• EXERCISE INPUTS:
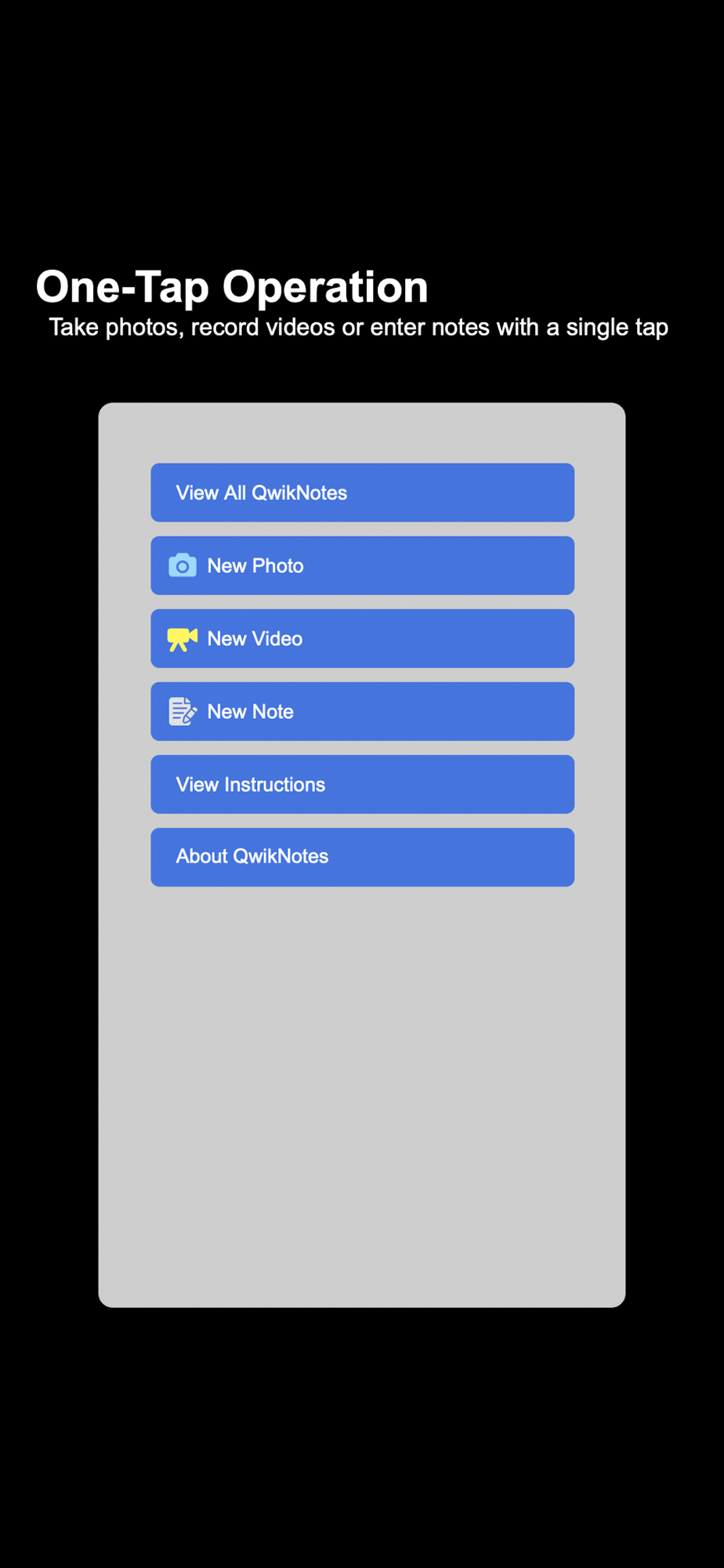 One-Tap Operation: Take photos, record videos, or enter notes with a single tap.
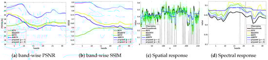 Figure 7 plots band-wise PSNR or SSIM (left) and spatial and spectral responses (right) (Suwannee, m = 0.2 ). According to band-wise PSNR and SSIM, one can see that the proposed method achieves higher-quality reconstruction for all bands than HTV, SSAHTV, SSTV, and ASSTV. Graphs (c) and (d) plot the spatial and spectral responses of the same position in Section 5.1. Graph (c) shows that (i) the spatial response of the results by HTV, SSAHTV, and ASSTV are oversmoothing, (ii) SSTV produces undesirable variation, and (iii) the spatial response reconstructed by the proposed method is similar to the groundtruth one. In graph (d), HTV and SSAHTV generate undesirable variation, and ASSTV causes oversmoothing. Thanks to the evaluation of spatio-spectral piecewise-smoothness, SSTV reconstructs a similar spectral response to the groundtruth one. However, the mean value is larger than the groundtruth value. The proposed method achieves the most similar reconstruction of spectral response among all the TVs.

...

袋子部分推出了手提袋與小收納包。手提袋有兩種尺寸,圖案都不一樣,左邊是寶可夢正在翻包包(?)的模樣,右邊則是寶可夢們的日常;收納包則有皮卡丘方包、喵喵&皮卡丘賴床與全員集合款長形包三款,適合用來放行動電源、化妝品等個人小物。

• WHAT THE TASK REQUIRES: Starting with the line that contains "One-Tap Operation: Take" and finishing with the line that contains "Figure 7 plots", reproduce every line of the material above exactly, but not the pictures.

• EXERCISE ANSWER:
 One-Tap Operation: Take photos, record videos, or enter notes with a single tap.
 Figure 7 plots band-wise PSNR or SSIM (left) and spatial and spectral responses (right) (Suwannee, m = 0.2 ). According to band-wise PSNR and SSIM, one can see that the proposed method achieves higher-quality reconstruction for all bands than HTV, SSAHTV, SSTV, and ASSTV. Graphs (c) and (d) plot the spatial and spectral responses of the same position in Section 5.1. Graph (c) shows that (i) the spatial response of the results by HTV, SSAHTV, and ASSTV are oversmoothing, (ii) SSTV produces undesirable variation, and (iii) the spatial response reconstructed by the proposed method is similar to the groundtruth one. In graph (d), HTV and SSAHTV generate undesirable variation, and ASSTV causes oversmoothing. Thanks to the evaluation of spatio-spectral piecewise-smoothness, SSTV reconstructs a similar spectral response to the groundtruth one. However, the mean value is larger than the groundtruth value. The proposed method achieves the most similar reconstruction of spectral response among all the TVs.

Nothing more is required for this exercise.